Daniel (@dungeondive) returns to Peter Jank’s print-on-demand roguelike, this time examining the expansions that push this card-stuffed dungeon crawl into genuinely staggering territory. His thesis: once you add everything together, you may be looking at “the single most robust zero-to-hero classic style dungeon crawl that money can buy.”
The expansions under scrutiny are Catacombs of Aetheria and Hack Slash Loot (the latter including the Sunken Treasure mini-game as a bonus). Notably, neither includes a box—everything fits into the base game’s packaging, which helps offset the costs somewhat.
The Fishing Hole: Sunken Treasure introduces a proper fishing mini-game. End your turn on water, reach into the blue bag, and pray for fortune. Small, medium, large, and trophy fish can be fed to your pet companion, transforming them into increasingly powerful creatures for one floor. Catch a sunken treasure chest instead, and you’re drawing from an entirely separate deck of water-themed artifacts.

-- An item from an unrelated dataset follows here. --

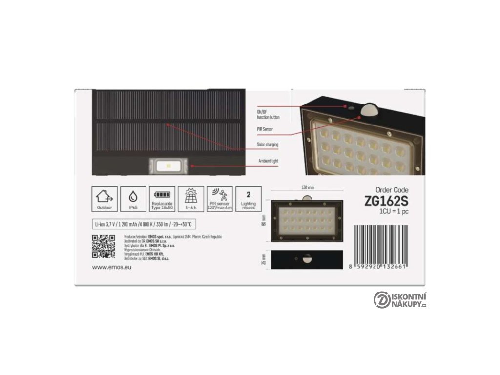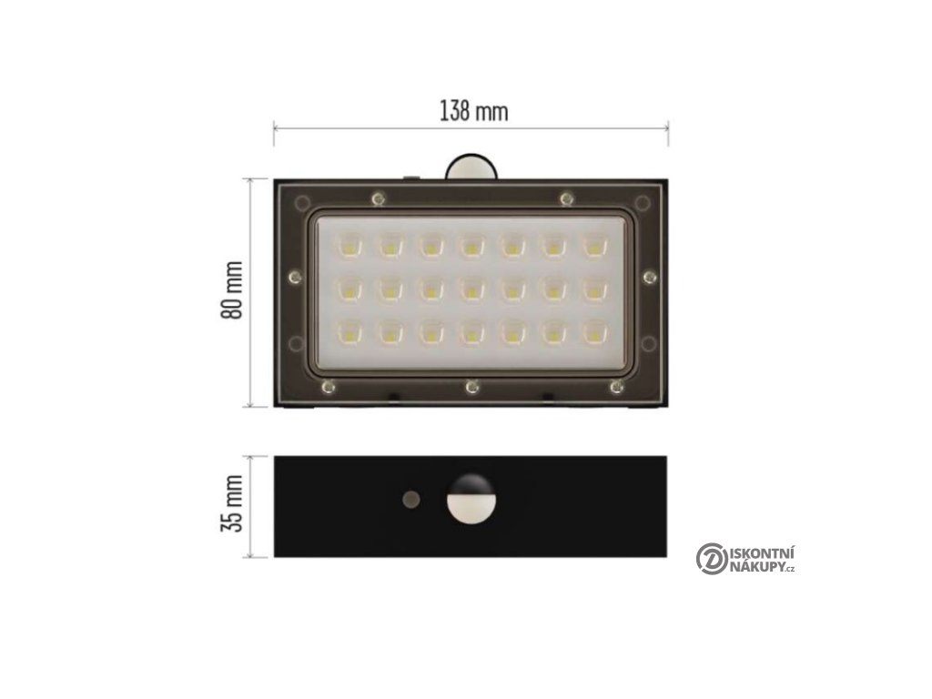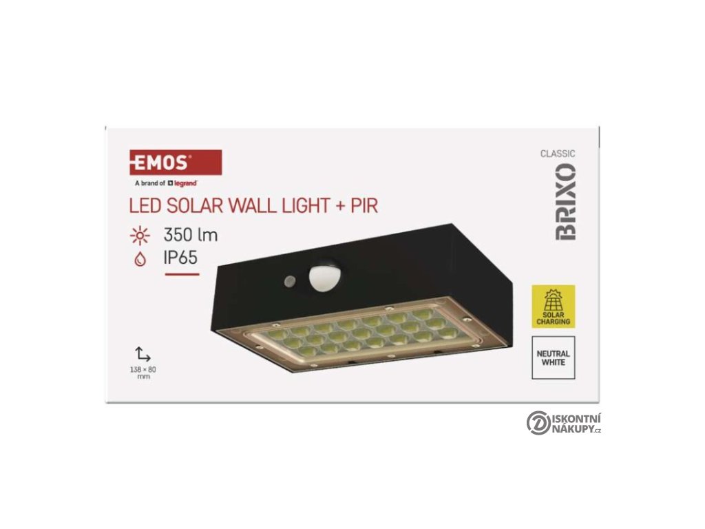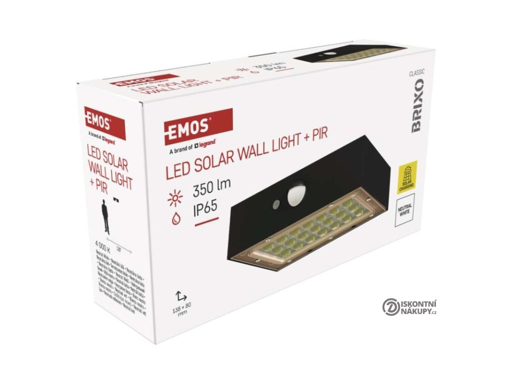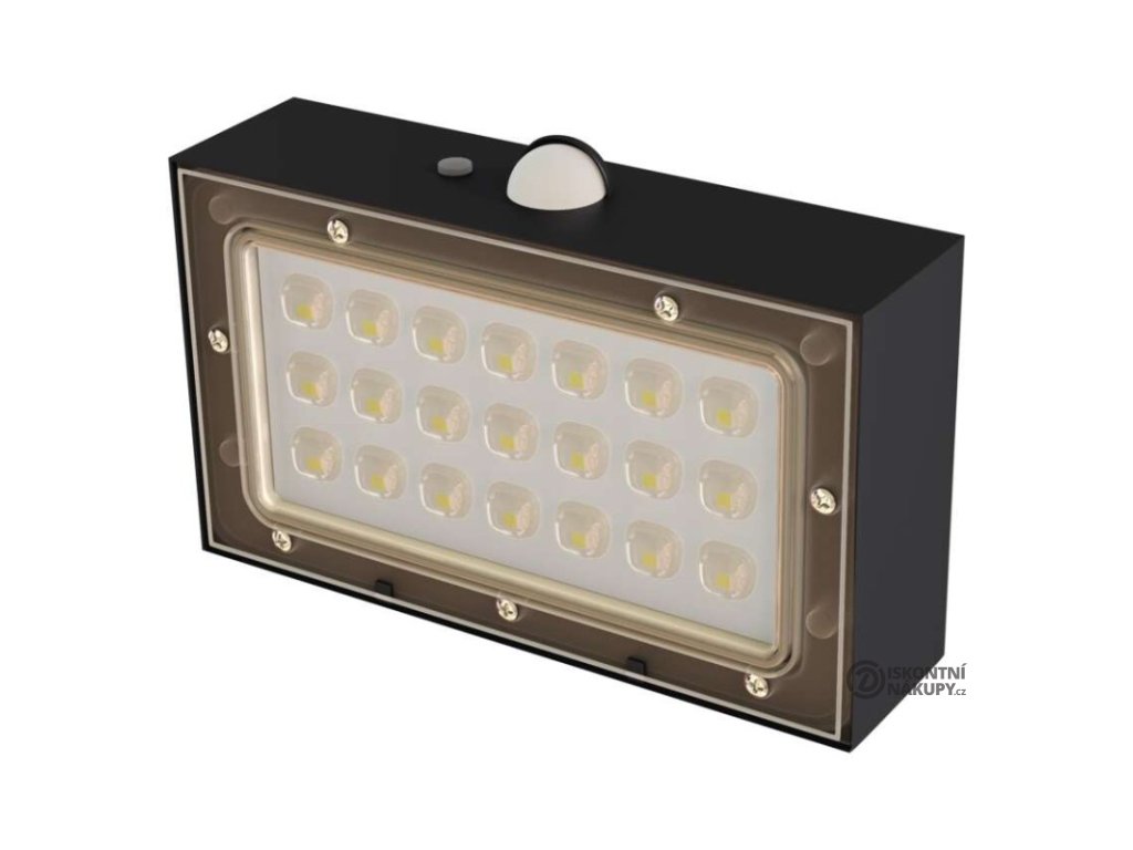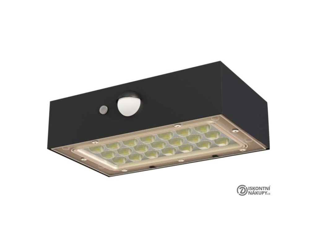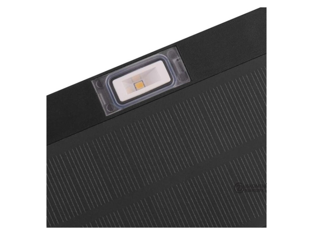 akumulátor: Li-Ion 1 200 mAh|barva: černá|barva světla: neutrální bílá|délka přívodního kabelu: neuvádí se|doba svícení na AKU: 35 hodin|dosah PIR senzoru: 6 m|energetická třída použitého světelného zdroje: neuvádí se|flicker-free: nebliká|frekvence: neuvádí se|index podání barev (CRI): Ra > 80|kategorie: CLASSIC|krytí: IP65|materiál difuzoru: plast (PC)|materiál přívodního kabelu: neuvádí se|materiál těla: plast (ABS+PC)|napájení: solární|napětí: 3,7 V|PIR senzor: ano|počet průchozích zásuvek: neuvádí se|použití: povrchová montáž|příkon: –|prodejní obal: 1 ks, krabice|proud: neuvádí se|řada: neuvádí se|rozměr: 138 × 90 × 35 mm|rozsah pracovní teploty: -20 °C až +50 °C|stmívání: neuvádí se|stupeň ochrany proti mechanickým nárazům: neuvádí se|světelná účinnost: neuvádí se|světelný tok: 350 lm|teplota chromatičnosti: 4 000 K|typ přívodního kabelu: neuvádí se|typ průchozích zásuvek: neuvádí se|typ stmívání: –|účiník: neuvádí se|úhel vyzařování: 140° × 70°|záruční doba: 2 roky|zdroj světla: LED|životnost: neuvádí se|zkušební žárovka součástí balení: neuvádí seDoplňkové parametry

Catacombs: Daniel’s personal favourite—a press-your-luck dungeon within the dungeon. Receive ten energy tokens, then flip catacomb cards one at a time. Each costs energy to traverse. Continue deeper for greater rewards, or retreat safely with your haul. Bust by running out of energy, and you leave empty-handed. It’s Blackjack with goblins.
New Heroes & Subclasses: Six fresh adventurers join the roster (Brawler, Summoner, Bard, Rogue, Artificer, Beast Tamer), and every hero now gains level-up cards. Reaching certain experience thresholds lets you choose between two subclass abilities—adding meaningful character progression without campaign overhead.

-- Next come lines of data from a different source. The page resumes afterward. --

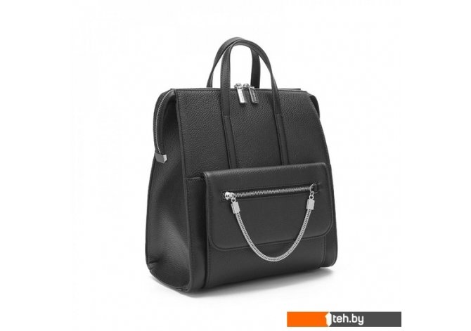 | Информация | Стильный женский рюкзак выполнен из натуральной твердой зернистой кожи. Снаружи: на лицевой стороне накладной карман на магните, украшен цепочкой. Декорирован серебристой фурнитурой. |
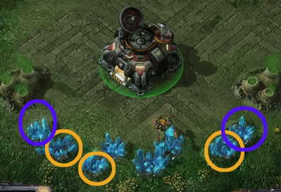 以Lost Temple 7点钟位置为例,召唤在下图红圈处的3个矿位上,骡子可以满负荷工作。只要允许,尽量把矿骡往这3个地方扔。
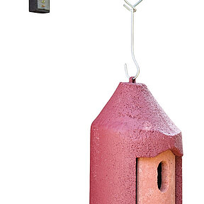 Naturschutzprodukt Nisthöhle Typ 2M in rot Brutinnenraum hängend FT Nisthilfe Flugloch 26 mm
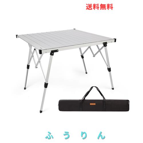 ■SUNNYFEELアウトドアテーブル キャンプテーブル ローテーブル ウッドロールトップテーブル 広い幅 天然木色 高さ 2段階調整可能 折りたた
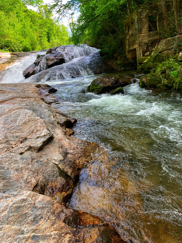 Gas shortage did not stop us. Lisa had a full tank and we decided to go to Saluda NC . It’s only 1 1/2 hours away. The first one we went to was Melrose Falls. This is not quite a mile both ways. This is actually the only hike I’ve ever done by myself. It’s parking is right on NC 176. It’s a beautiful falls probably 60 ft high.
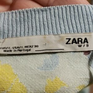 Zara yellow blue lace top scalloped half sleeves
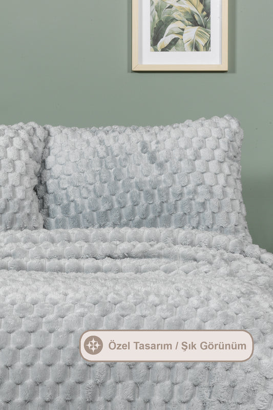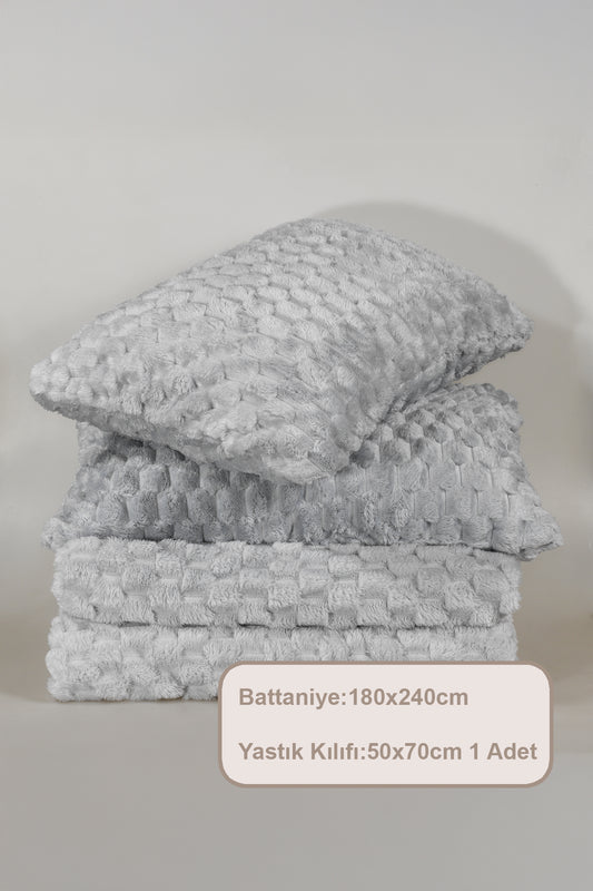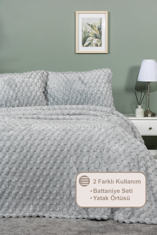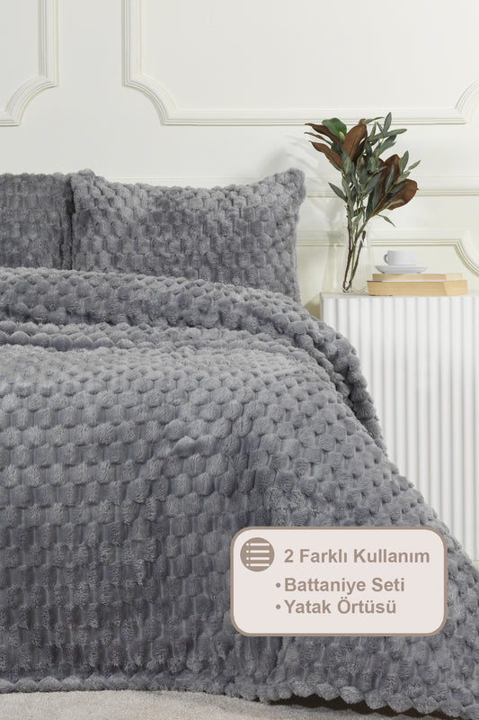 ELART Polen Battaniye Seti Çift Kişilik Wellsoft 3 Parça (230x250 cm) Gri
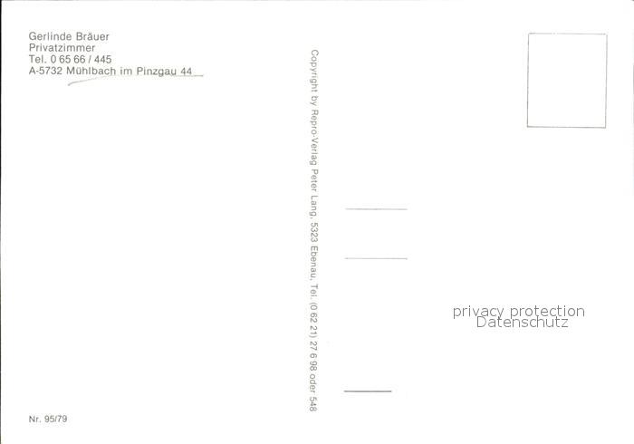 72483702 Muehlbach Hochkoenig Privatpension Gerlinde Braeuer postalisch nicht gelaufen Erhaltung siehe scans KatCode: 11390322050415
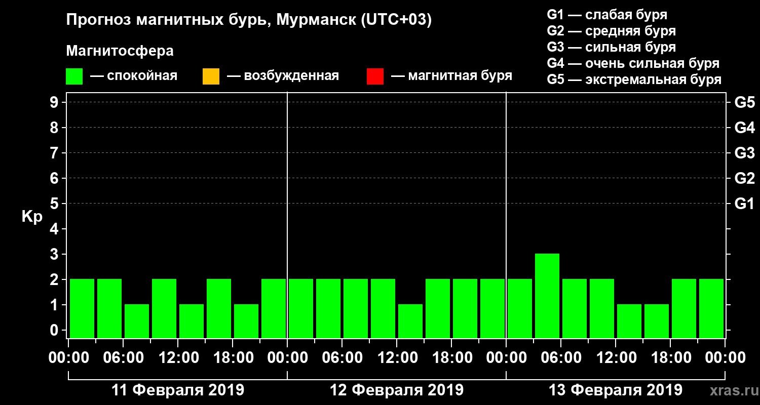 Прогноз магнитных бурь в Мурманске на 11 февраля 2019 года
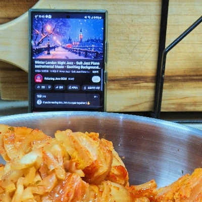 늦은 밤 재즈 들으며 김치를 쏭쏭 써는 남편
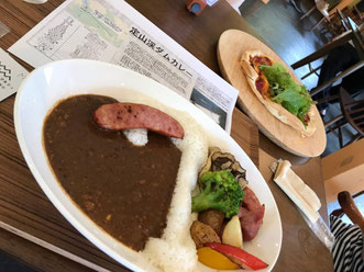 ミチヤリーダー、レイナさん、ジュリさん、よっしーさん、ひろさんの女性5人で藻岩山後に、いつもの八剣山の農園でズッキーニの収穫。八剣山ワイナリーのマルシェで「定山渓ダムカレー」を食べました!何と!ごはんはダムの形のところだけです!女性向けです!

Monsters & Mayhem: Floor bosses now guard artifacts (replacing the old “kill any elite” approach), wandering monsters lurk unpredictably across all levels, and new enemy enhancers include various immunities to keep you guessing.

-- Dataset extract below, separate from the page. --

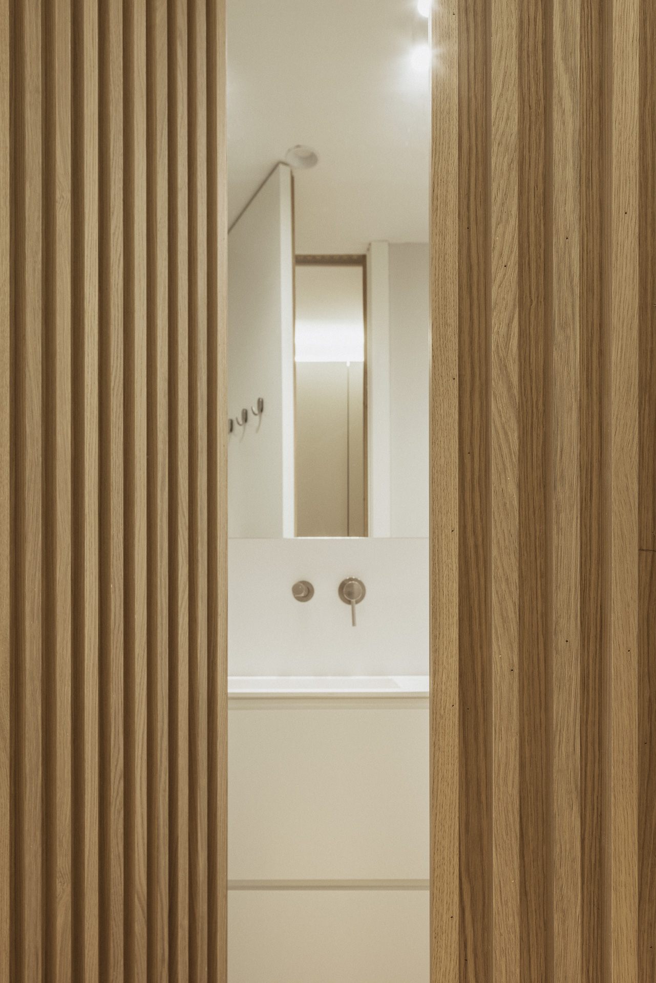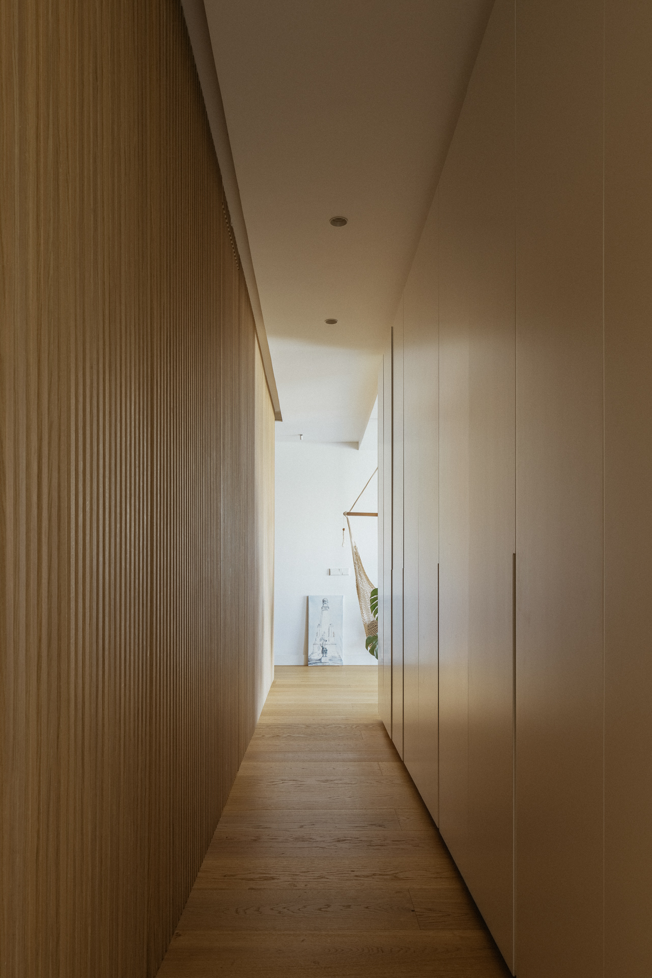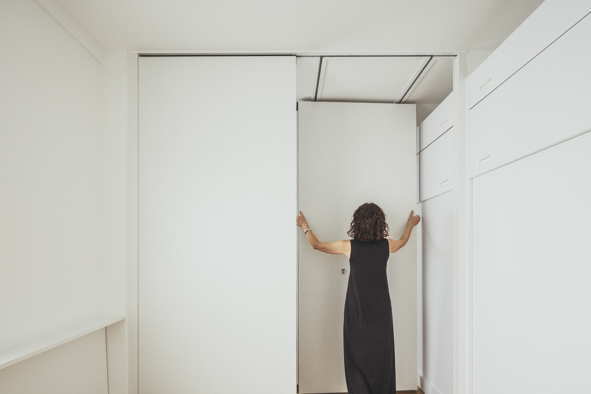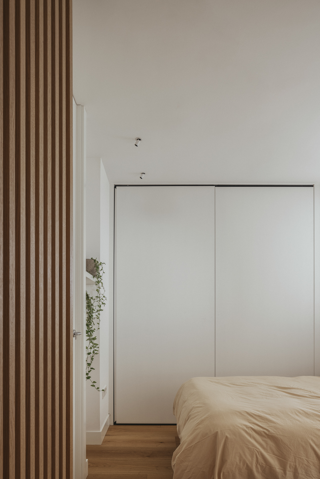 La nueva distribución elimina pasillos innecesarios, priorizando una circulación fluida y espacios continuos. Uno de los recursos más singulares es la transformación del pasillo en un vestidor oculto: gracias a armarios integrados y puertas revestidas en madera, se genera una envolvente cálida y continua que une funcionalidad y estética con sutileza.

Side Quests: Three dealt at game start, offering modest rewards for achieving specific goals during play. Another layer atop an already substantial layer cake.
The modular nature means you can exclude anything that doesn’t suit your mood—no wandering monsters today, skip the fishing, keep it simple. Or embrace the full chaotic maximalism. Daniel’s clearly in the latter camp, practically vibrating with enthusiasm to play immediately after filming.
When does ‘robust’ cross the threshold into ‘perhaps too much game for one box’ in your estimation?